Cell capacity has been the harder, more capital-intensive segment to localise.
The 8.9 GW cell target, if delivered, will materially reduce Emmvee's import dependency.
It will also improve gross margins by capturing the cell-to-module value spread that currently flows offshore.
Investment thesis
Analysts have placed a Buy rating with a target price of Rs 354, implying a further 22% upside.
The investment thesis rests on three pillars.
First, India's domestic solar capacity addition trajectory, projected at well above 30 GW per year through the decade to meet 500 GW non-fossil targets, creates a strong demand backdrop for ALMM-listed module suppliers.

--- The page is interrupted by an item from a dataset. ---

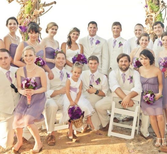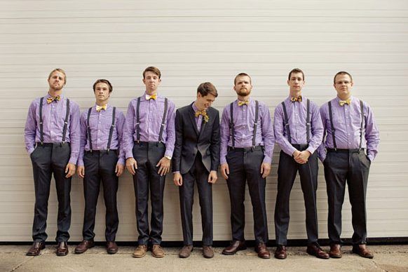 Для друзів нареченого варто підібрати однакові елементи одягу в лавандовому кольорі.

Second, the PLI scheme continues to incentivise vertically integrated cell-module operations, favouring players with end-to-end strategy.
Third, the customer mix is shifting toward utility-scale developers with multi-year offtake intent, lengthening Emmvee's order-to-delivery visibility.
Risks
Risks are however non-trivial.
Polysilicon and wafer prices remain volatile and largely determined by Chinese supply dynamics, exposing margin assumptions.
ALMM protection is a policy choice that, while currently strong, can be revisited.
Any softening would re-introduce import competition.
Capital expenditure for the integrated 6 GW facility is sizable, with execution risk on commissioning timeline.
Any delay would push out the cell-capacity ramp and the associated margin uplift.
Working-capital intensity, a feature of the entire industry, could rise as the order book scales, requiring careful balance-sheet management.
Sector positioning
Set against the broader sector landscape — First Solar's Q1 2026 earnings call the same day, ICRA's reaffirmation of Ayana Renewable Power's [ICRA]AA+ rating, POWERGRID InvIT at AAA — Emmvee's Q4 FY26 print positions it as a credible domestic alternative to import-dependent module sourcing.
For utility-scale solar developers placing 2026–28 orders, the company's expanding capacity, cell integration roadmap and demonstrated execution become a serious procurement consideration.
This applies even before factoring in the equity-market upside that public markets currently price in.